▶ **RECORDED INFORMATION**
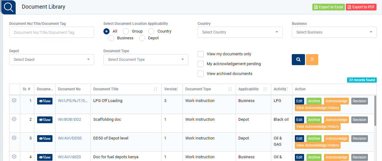 - User can Archive the document from this page which will get displayed in My acknowledgement pending section.
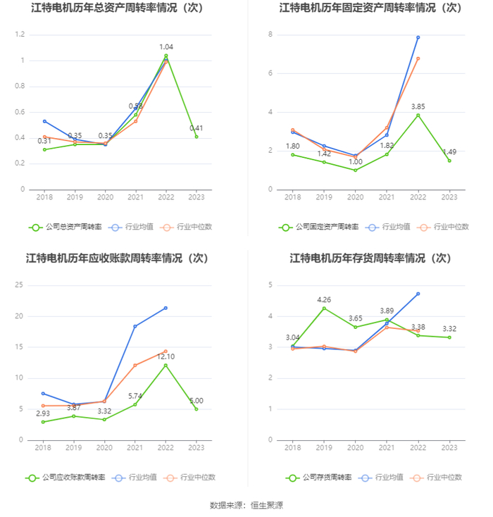 营运能力方面,2023年,公司公司总资产周转率为0.41次,上年同期为1.04次(2022年行业平均值为1.00次,公司位居同行业5/10);固定资产周转率为1.49次,上年同期为3.85次(2022年行业平均值为7.87次,公司位居同行业9/10);公司应收账款周转率、存货周转率分别为5.00次、3.32次。
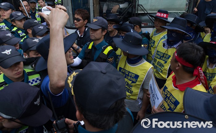 | △ 경찰들과 충돌하는 조합원들 |
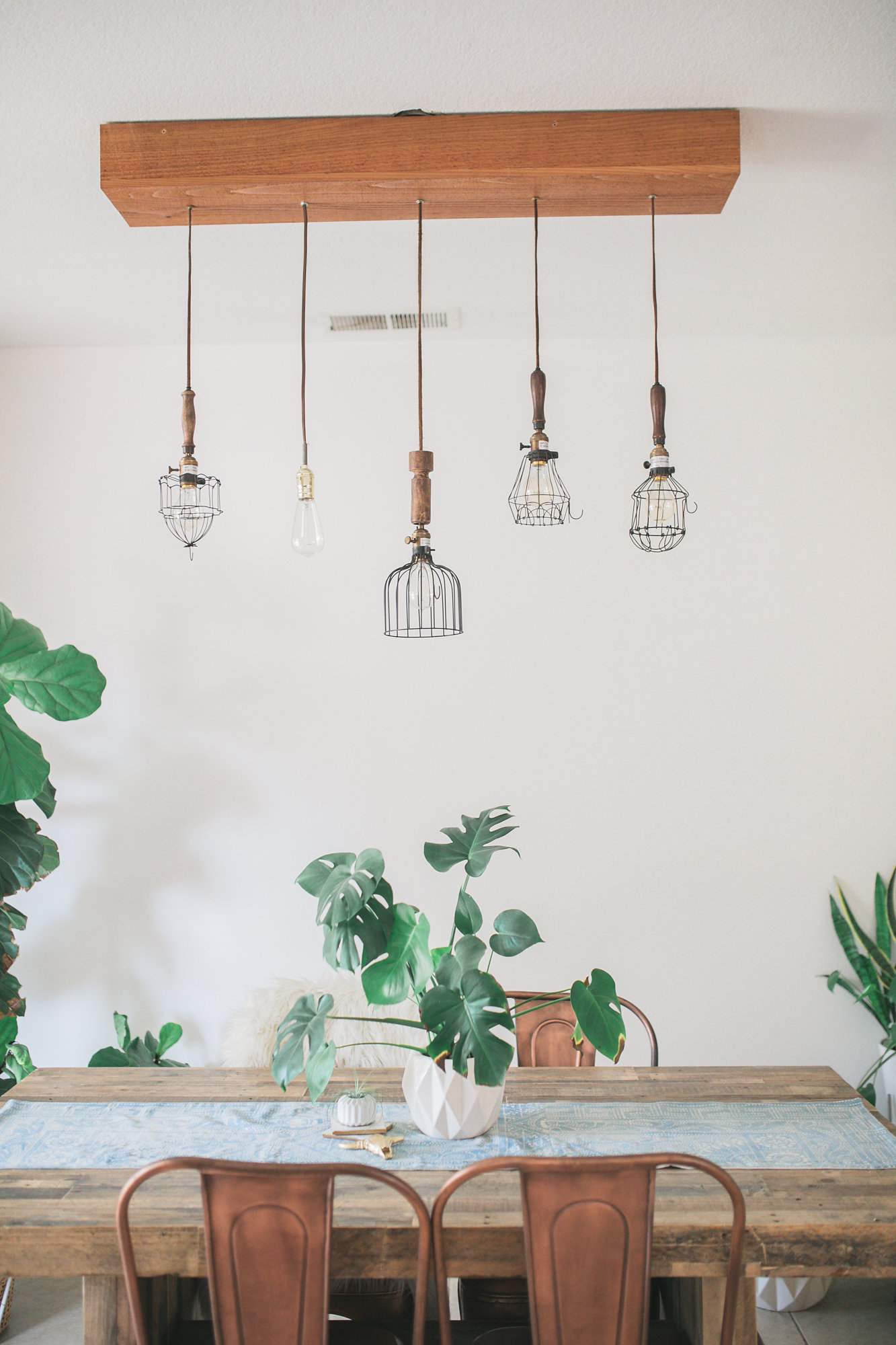 Yes! I have a couple favorites but my most coveted piece in my home is my dinning room light fixture. My dad helped me design and build it. I got the lights fixtures from Anthropologie when I used to work there as a merchandiser and I had them for years before I did anything with them. But I love the modern look of it with the vintage light fixtures.

▶ **PROBLEM REQUIREMENTS**
Return each of the lines exactly as they appear above, with no images.

▶ **SOLUTION FOR THIS TASK**
 - User can Archive the document from this page which will get displayed in My acknowledgement pending section.
 营运能力方面,2023年,公司公司总资产周转率为0.41次,上年同期为1.04次(2022年行业平均值为1.00次,公司位居同行业5/10);固定资产周转率为1.49次,上年同期为3.85次(2022年行业平均值为7.87次,公司位居同行业9/10);公司应收账款周转率、存货周转率分别为5.00次、3.32次。
 | △ 경찰들과 충돌하는 조합원들 |
 Yes! I have a couple favorites but my most coveted piece in my home is my dinning room light fixture. My dad helped me design and build it. I got the lights fixtures from Anthropologie when I used to work there as a merchandiser and I had them for years before I did anything with them. But I love the modern look of it with the vintage light fixtures.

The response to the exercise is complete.